## Task brief
Everything from the line that contains "Free People Counting" to the final line of the data, both ends included, must be set down exactly, apart from the pictures.

## Information supplied
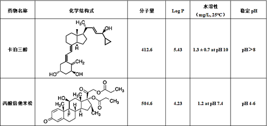 卡泊三醇易氧化,在酸性条件下不稳定,可以和醇发生反应,易发生差向异构化反应。丙酸倍他米松也易氧化,但是在酸性条件下稳定,而对碱不稳定。在水性环境中,卡泊三醇在pH>8时稳定性最好,而丙酸倍他米松则需要pH在4-6范围时最稳定。卡泊三醇和丙酸倍他米松的物理化学性质如下表所示。
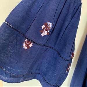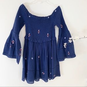 Free People Counting Daisies dress keeps your look trendy with the smocking body and floral embroidery accent. With off shoulder detail, this dress will add a boho vibe to your closet. Great side pockets. Pretty details with eyelet on the bell sleeves and hem.
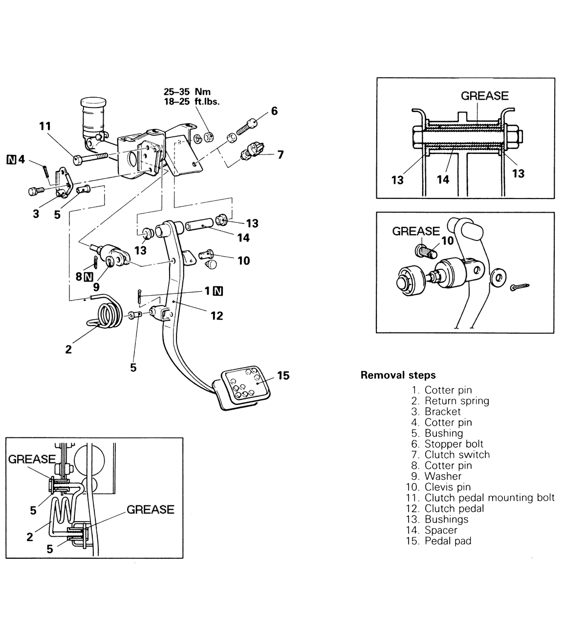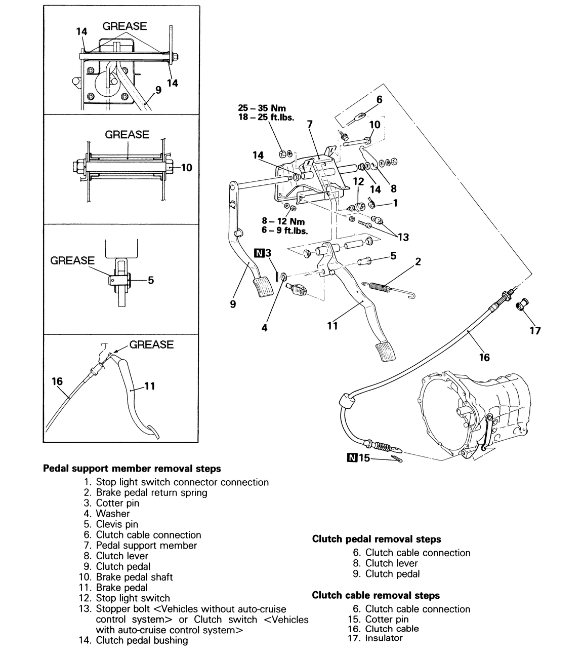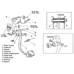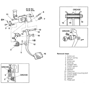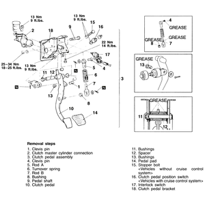 | Fig. 5: Clutch pedal removal and installation — 1992–95 Monteros |

## Task answer
 Free People Counting Daisies dress keeps your look trendy with the smocking body and floral embroidery accent. With off shoulder detail, this dress will add a boho vibe to your closet. Great side pockets. Pretty details with eyelet on the bell sleeves and hem.
 | Fig. 5: Clutch pedal removal and installation — 1992–95 Monteros |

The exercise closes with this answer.